Patarroyo y su lucha contra la malaria

Este científico, creador de la primera vacuna sintética contra el paludismo, trabaja en la fórmula para combatir otras 517 enfermedades infecciosas.

El inmunólogo colombiano Manuel  Elkin Patarroyo. / Óscar Pérez - El Espectador
El inmunólogo colombiano Manuel Elkin Patarroyo. / Óscar Pérez - El Espectador

Manuel Elkin Patarroyo, director del Instituto de Inmunología de Colombia, fue el primero en desarrollar una vacuna sintética contra la malaria, enfermedad que cobra la vida de un niño cada minuto y que cada año se transmite a 216 millones de personas en el mundo. El descubrimiento fue suficiente para que en tres ocasiones lo postularan al Nobel: dos veces en química y una en medicina, y para que los colombianos lo vieran como referente de la ciencia en el país.

A los ocho años, la violencia obligó a su familia a huir de Ataco, al sur del Tolima, y desplazarse a Girardot, donde comenzó su obsesión por las vacunas. Su padre, viéndolo sin oficio en el nuevo hogar, le regaló un cómic sobre la vida de Luis Pasteur, titulado Descubridor de vacunas, benefactor de la humanidad. Luego llegaron Robert Koch y su lucha contra la tuberculosis, Armauer Hansen y su lucha contra la lepra y Ronald Ross y su batalla contra la malaria. Desde entonces, Patarroyo decidió que quería convertirse, como sus héroes animados, en científico y desarrollador de vacunas.

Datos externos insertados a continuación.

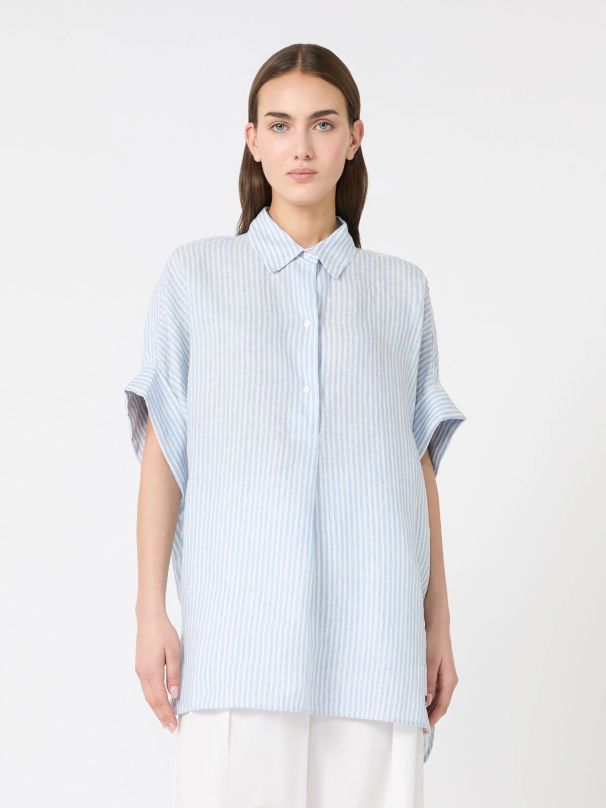 Printed linen canvas shirt + LIGHT BLUE - Max Mara
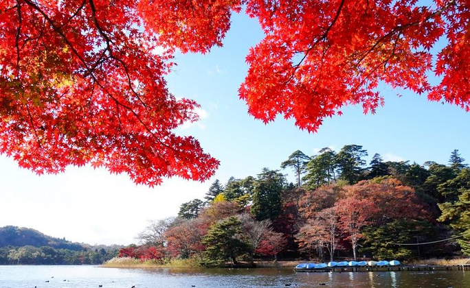 【白河南湖公園】位於宮城縣白石市,建於1820年,由白石藩主片倉小十郎邦憲創建,作為開放給庶民休憩的公共庭園,開創了日本最早期的「民眾式公園」先河。園區依山傍水,環繞南湖池打造優美山水風景,並由藩主精心設計出「南湖十七景」,將四季景致詩意化為景點名稱。尤其到了秋季,漫山楓紅、銀杏黃葉倒映在湖面,形成東北地區難得的賞楓美景,漫步於湖畔步道,不僅能享受自然賞楓之美,更能感受這座百年公園背後濃厚的文化底蘊。

De ahí en adelante, el tolimense se graduó de médico, obtuvo un doctorado en medicina y cirugía de la Universidad Nacional, cursó una especialización en virología en la Universidad de Yale y otra en inmunología de la Universidad Rockefeller y el Instituto Karolinska de Estocolmo.

El momento clave de su carrera llegó en 1986, en el laboratorio que montó en el Amazonas para hacer moléculas y ensayarlas en micos. Allí, entre experimentos y fórmulas fallidas, el sueño de infancia por fin se hizo realidad: descubrió la primera vacuna contra la malaria, denominada SPF-66, y tras realizar ensayos en más de 50.000 individuos de distintos países se verificó su efectividad entre un 30 y 50%.

En 1996 cedió la patente a la Organización Mundial de la Salud (OMS), pero su nueva obsesión fue hallar una vacuna mucho más efectiva, y así fue: en 2011, dio a conocer la Colfavac, de la que había comprobado una efectividad superior al 90% en monos y que ahora está probando en humanos.

En la prestigiosa revista estadounidense Chemical Reviews publicó que había encontrado los principios químicos que permitirán crear vacunas sintéticas para prevenir prácticamente todas la enfermedades infecciosas existentes en el mundo: tuberculosis, papiloma humano, dengue, hepatitis C, lepra y cientos más.

La labor incansable de este investigador lo ha hecho acreedor de importantes premios y reconocimientos: doctorados honoris causa por las universidades Nacional, del Tolima y Metropolitana de Barranquilla; el Premio León Bernard que otorga la OMS; el nombramiento como académico de la Real Academia de Ciencias Exactas, Físicas y Naturales de Madrid, y, entre las condecoraciones, las de Caballero de la Orden de San Carlos y Simón Bolívar, ambas de Colombia.

De culminar su investigación sobre principios químicos que permitan crear vacunas para cientos de enfermedades infecciosas, no sería extraño que el Nobel de Química o Medicina por fin quede en Colombia.